В тот же вечер он поехал к Стаховым. Анна Васильевна
встретила его ласково, попеняла ему, что он совсем их забыл, и, найдя его
бледным, осведомилась о его здоровье; Николай Артемьевич ни «лова ему не
сказал, только поглядел на него с задумчиво-небрежным любопытством; Шубин
обошелся с ним холодно; но Елена удивила его. Она его ждала; она для него
надела то самое платье, которое было на ней в день их первого свидания в
часовне; но она так спокойно его приветствовала и так была любезна и беспечно
весела, что, глядя на нее, никто бы не подумал, что судьба этой девушки уже
решена и что одно тайное сознание счастливой любви придавало оживление ее
чертам, легкость и прелесть всем ее движениям. Она разливала чай вместо Зои,
шутила, болтала; она знала, что за ней будет наблюдать Шубин, что Инсаров не
сумеет надеть маску, не сумеет прикинуться равнодушным, и вооружилась заранее.
Она не ошиблась: Шубин не спускал с нее глаз, а Инсаров был очень молчалив и
пасмурен в течение всего вечера. Елена чувствовала себя до того счастливой, что
ей захотелось подразнить его.
— Ну что? — спросила она его вдруг, — план
ваш подвигается?
Инсаров смутился.
— Какой план? — проговорил он.
— А вы забыли? — ответила она, смеясь ему в лицо:
он один мог понять значение этого счастливого смеха. — Ваша болгарская
хрестоматия для русских?
— Quelle bourde![30] —
пробормотал сквозь зубы Николай Артемьевич.
Зоя села за фортепьяно. Елена едва заметно пожала плечом и
показала Инсарову глазами на дверь, как бы отпуская его домой. Потом она с
расстановкой два раза коснулась пальцем стола и посмотрела на него.
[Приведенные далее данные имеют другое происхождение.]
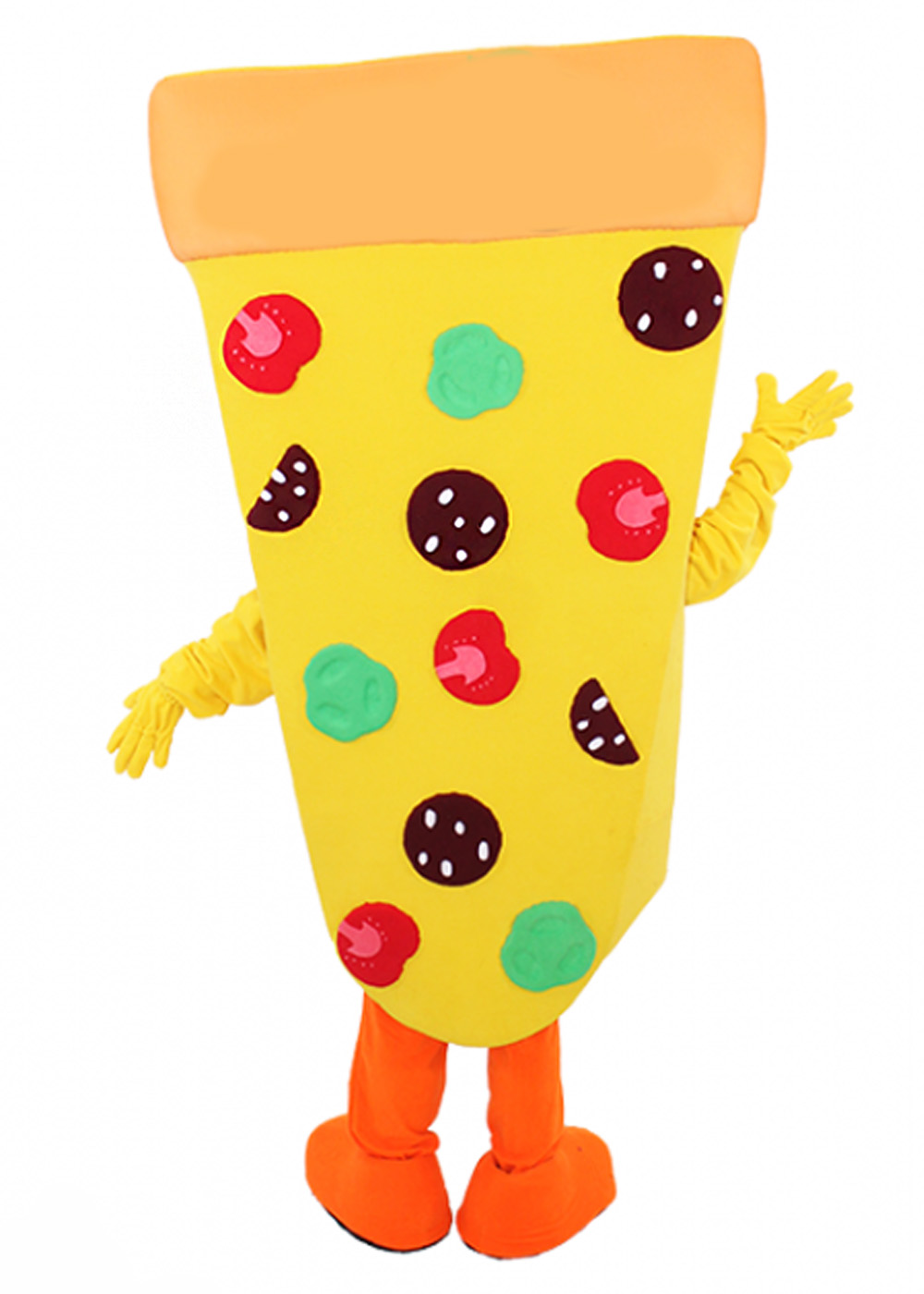 Ростовий костюм Піца — це смачний та оригінальний образ для аніматора! Поролоновий корпус, прикрашений повнокольоровим друком та об'ємними декоративними елементами, створює форму апетитної піци. Кофта, штани, рукавички та взуття доповнюють образ. Цей костюм стане забавним акцентом на святах, дитячих вечірках, зробить ваш бренд впізнаваним, піднімаючи настрій та викликаючи посмішки у всіх гостей!

Он понял,
что она ему назначала свидание через два дня, и она быстро улыбнулась, когда
увидела, что он ее понял. Инсаров встал и начал прощаться: он чувствовал себя нездоровым.
Явился Курнатовский. Николай Артемьевич вскочил, поднял правую руку выше головы
и мягко опустил ее на ладонь обер-секретаря. Инсаров остался еще несколько
минут, чтобы посмотреть на своего соперника. Елена украдкой лукаво покачала
головой, хозяин не счел нужным их представить друг другу, и Инсаров ушел, в
последний раз обменявшись взором с Еленой. Шубин подумал, подумал — и яростно
заспорил с Курнатовским о юридическом вопросе, в котором ничего не смыслил.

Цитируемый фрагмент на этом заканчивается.